§ **What to do**: Each entry below should be echoed exactly, with pictures omitted.

§ **Given records**:
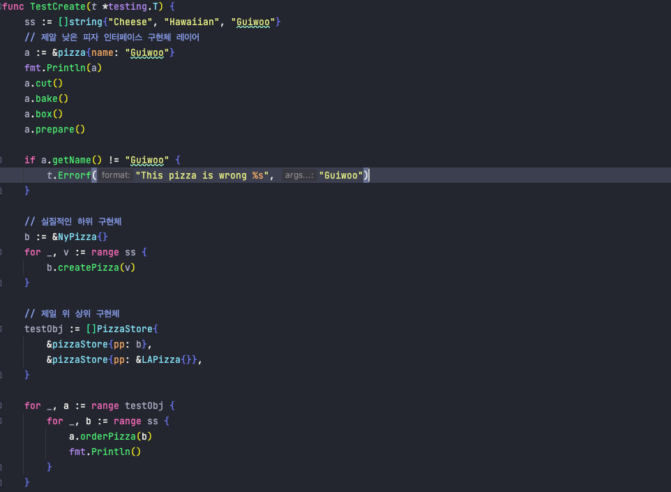 a := &pizzaStore{pp: &NyPizza{}} // 피자 의 프로듀서 를 각각 주입 해준다.
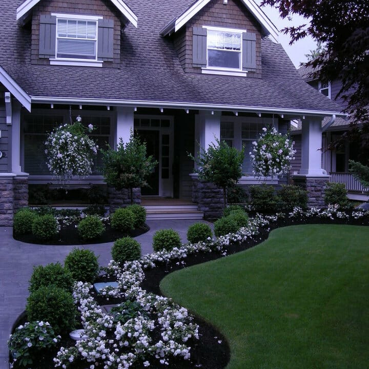 Front yard landscaping ideas that are simpler to adopt but have the same aesthetic value and freshness are to plant a white flower bed with greenery around it.
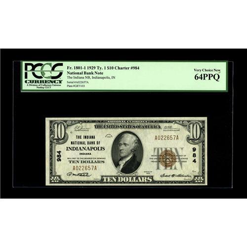 <B>Indianapolis, IN</B></I> - $10 1929 Ty. 1 <B>The Indiana NB</B></I> Ch. # 984<BR>This bank was located at the intersection of Virginia Avenue and Pennsylvania Street from 1897 to 1970. Officers are R.M. Fletcher and Frank D. Stalnaker. Plenty of embossing is seen on this bright example. Graded <B>Very Choice New 64PPQ</B></I> by PCGS.<BR><I>From The Bill and Kathy Stella Currency Collection</B></I><BR><BR><b>Shipping:</b> Coin/Currency (<a target="_blank" href="http://www.heritageauctions.com/common/shipping.php">view shipping information</a>)
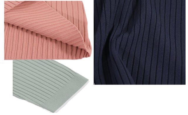 伸縮性のあるリブニット素材を使用し、柔らかく快適な着心地。
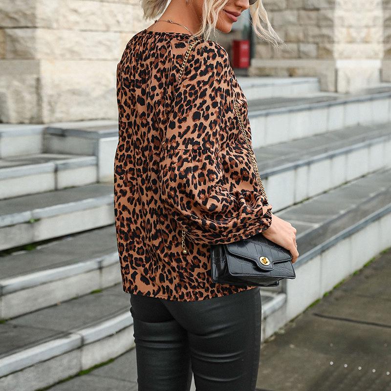 Женский пуловер с длинным рукавом из шифона с леопардовым принтом, весна 2025
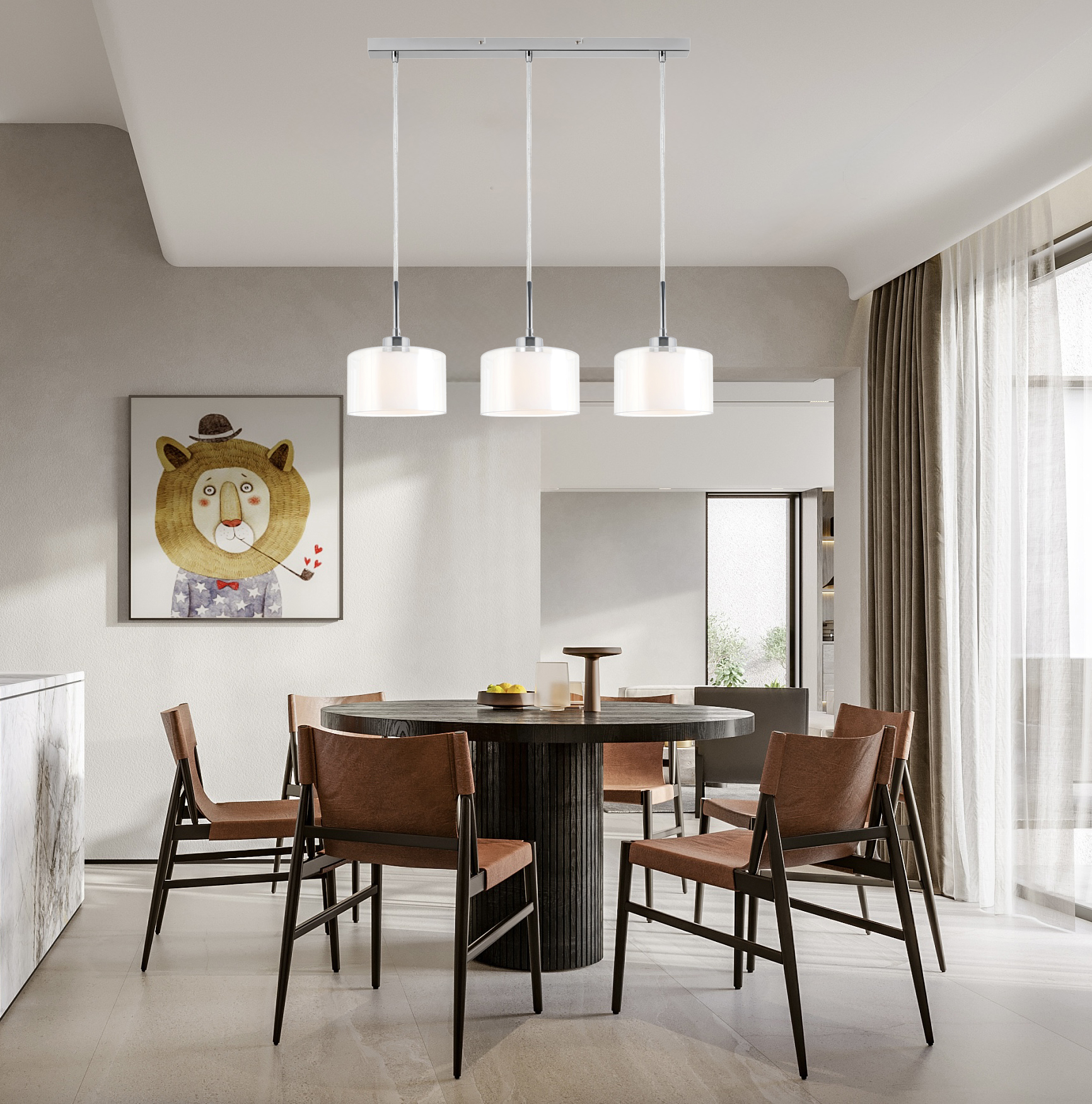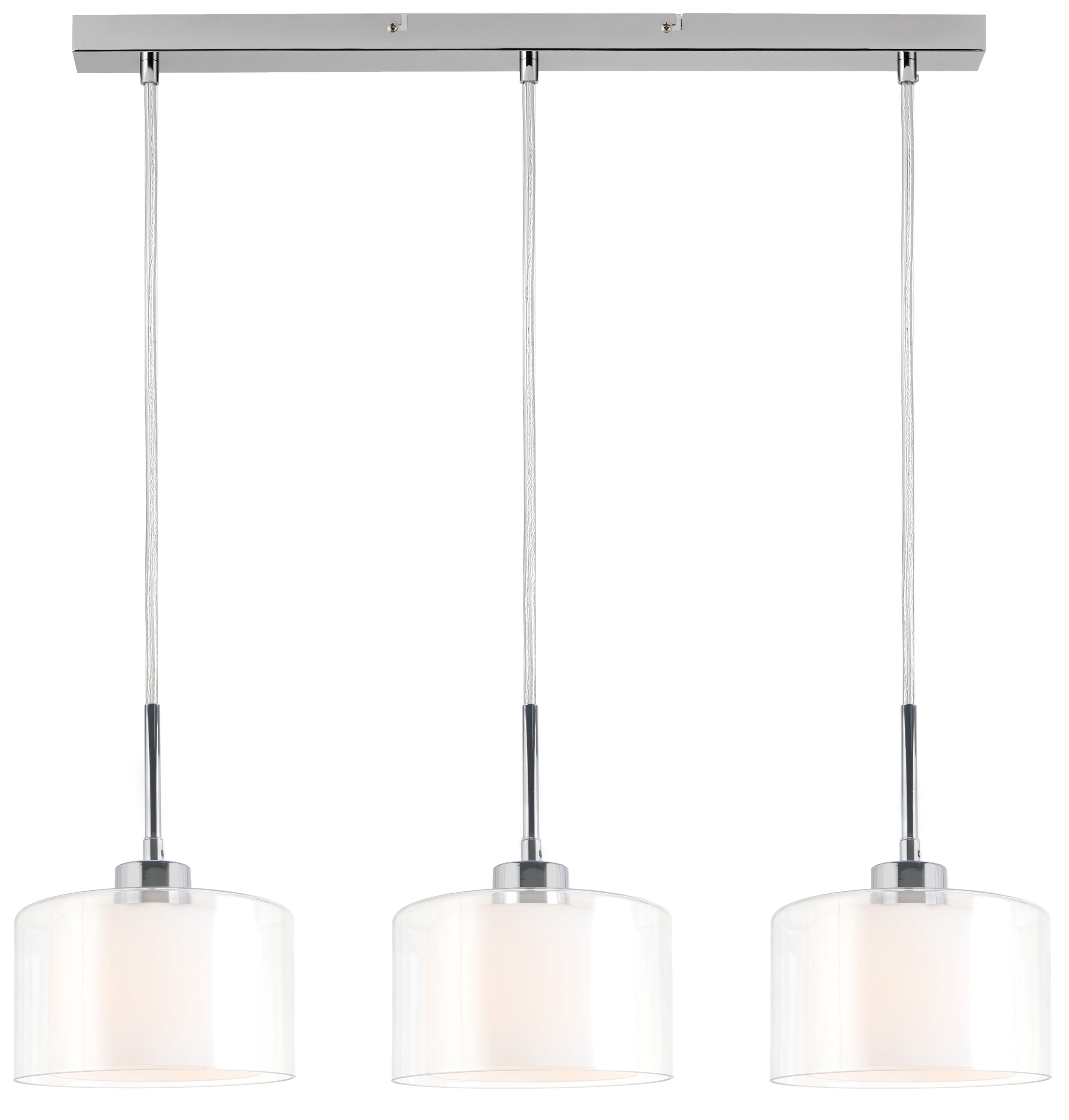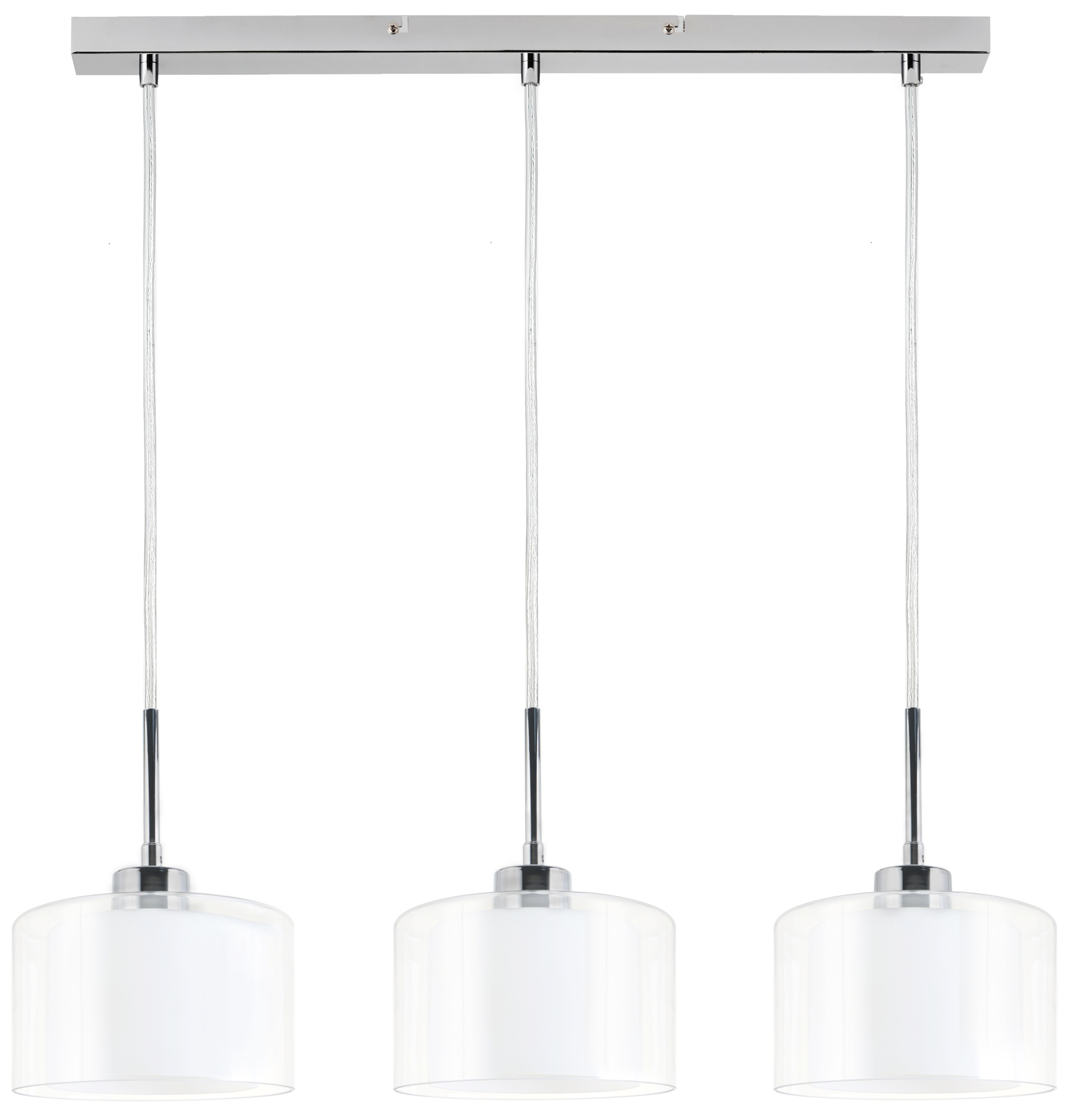 Soren - lampa wisząca 3 płomienna chrom. 3xE27 40W. Wysokość 12cm. Wysokość całkowita 120cm. Szerokość 80cm. Głębokość 20cm. Klosze szklane białe opal mat i przezroczyste
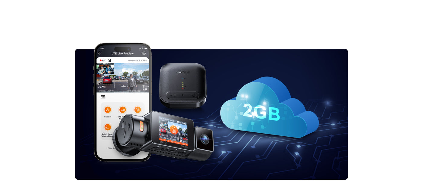 With LT01 LTE Module, Vantrue dash cam can turn into a Wi-Fi hotspot, supporting connecting up to 5 devices simultaneously for accessing the internet.
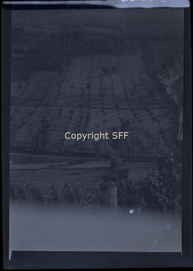 Paesaggio collinare con file ordinate di alberi suggeriscono la presenza di una coltivazione
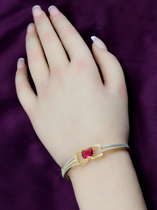 Gold Plated Red American Diamond Studded Bracelet Gift For Women
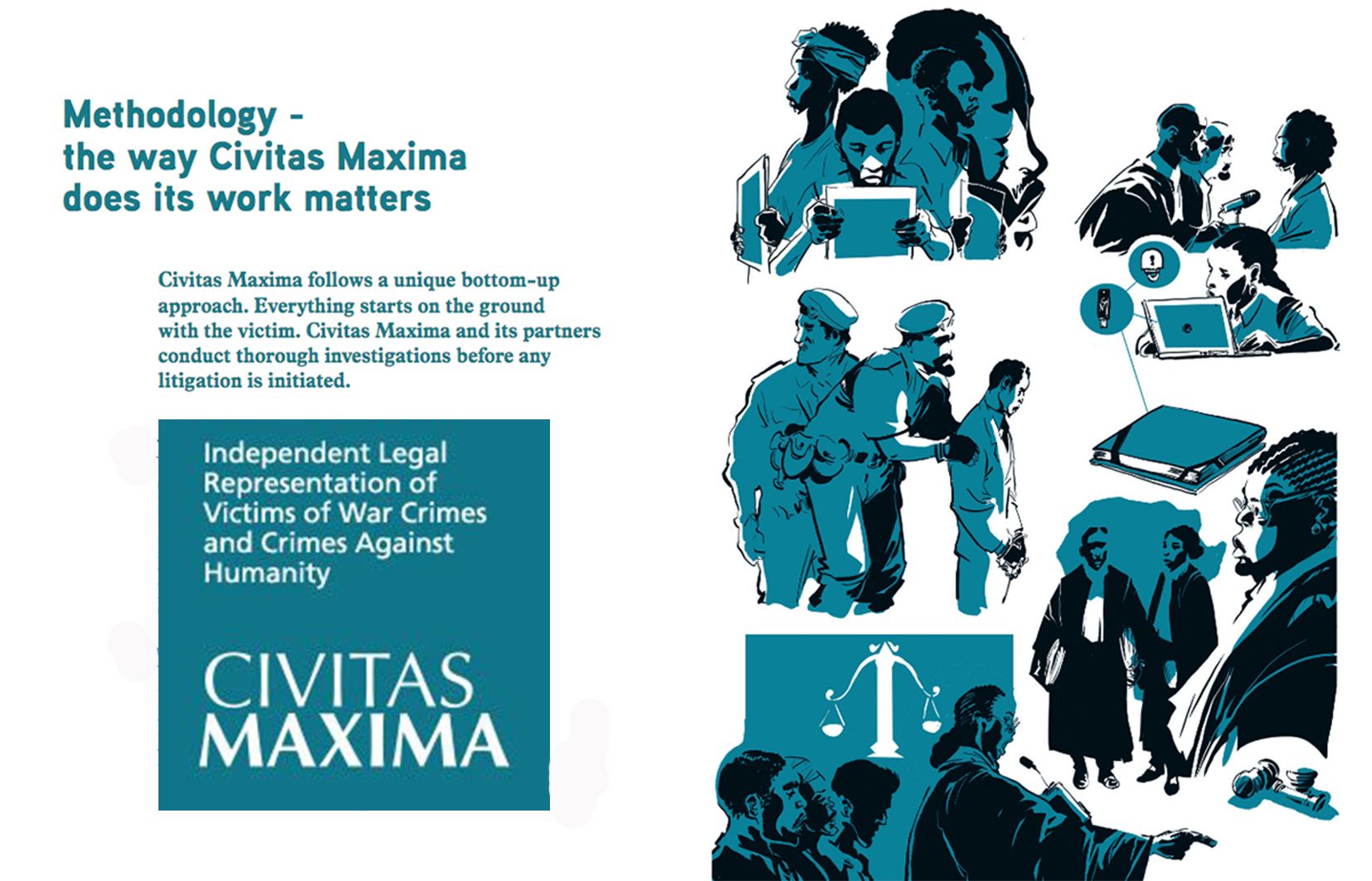 Civitas Maxima s’encarrega d’obtenir documentació i informació sobre crims i processar-la jurídicament. A partir d’aquí posa en marxa una extensa xarxa de col·laboradors per tal de mirar de resoldre els casos, de denunciar-los i de fer pedagogia sobre allò que no ha de poder tornar a passar mai. L’ONG suïssa coopera amb una entitat africana. El mètode de treball és furgar sempre sobre el terreny. Sobre on han passat els crims. I exemplificar el comportament delictiu d’una empresa, d’un conjunt de persones o del que sigui a partir del cas d’una persona que hagi estat víctima del crim.
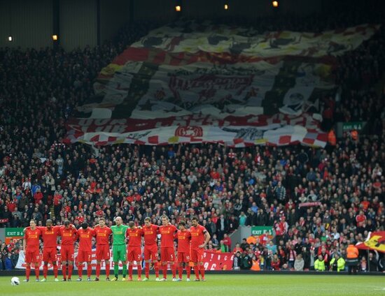 The Liverpool players observe a minute silence before the Barclays Premier League match at Anfield (Martin Rickett/PA Wire/Press Association Images).

§ **Expected output**:
 a := &pizzaStore{pp: &NyPizza{}} // 피자 의 프로듀서 를 각각 주입 해준다.
 Front yard landscaping ideas that are simpler to adopt but have the same aesthetic value and freshness are to plant a white flower bed with greenery around it.
 <B>Indianapolis, IN</B></I> - $10 1929 Ty. 1 <B>The Indiana NB</B></I> Ch. # 984<BR>This bank was located at the intersection of Virginia Avenue and Pennsylvania Street from 1897 to 1970. Officers are R.M. Fletcher and Frank D. Stalnaker. Plenty of embossing is seen on this bright example. Graded <B>Very Choice New 64PPQ</B></I> by PCGS.<BR><I>From The Bill and Kathy Stella Currency Collection</B></I><BR><BR><b>Shipping:</b> Coin/Currency (<a target="_blank" href="http://www.heritageauctions.com/common/shipping.php">view shipping information</a>)
 伸縮性のあるリブニット素材を使用し、柔らかく快適な着心地。
 Женский пуловер с длинным рукавом из шифона с леопардовым принтом, весна 2025
 Soren - lampa wisząca 3 płomienna chrom. 3xE27 40W. Wysokość 12cm. Wysokość całkowita 120cm. Szerokość 80cm. Głębokość 20cm. Klosze szklane białe opal mat i przezroczyste
 With LT01 LTE Module, Vantrue dash cam can turn into a Wi-Fi hotspot, supporting connecting up to 5 devices simultaneously for accessing the internet.
 Paesaggio collinare con file ordinate di alberi suggeriscono la presenza di una coltivazione
 Gold Plated Red American Diamond Studded Bracelet Gift For Women
 Civitas Maxima s’encarrega d’obtenir documentació i informació sobre crims i processar-la jurídicament. A partir d’aquí posa en marxa una extensa xarxa de col·laboradors per tal de mirar de resoldre els casos, de denunciar-los i de fer pedagogia sobre allò que no ha de poder tornar a passar mai. L’ONG suïssa coopera amb una entitat africana. El mètode de treball és furgar sempre sobre el terreny. Sobre on han passat els crims. I exemplificar el comportament delictiu d’una empresa, d’un conjunt de persones o del que sigui a partir del cas d’una persona que hagi estat víctima del crim.
 The Liverpool players observe a minute silence before the Barclays Premier League match at Anfield (Martin Rickett/PA Wire/Press Association Images).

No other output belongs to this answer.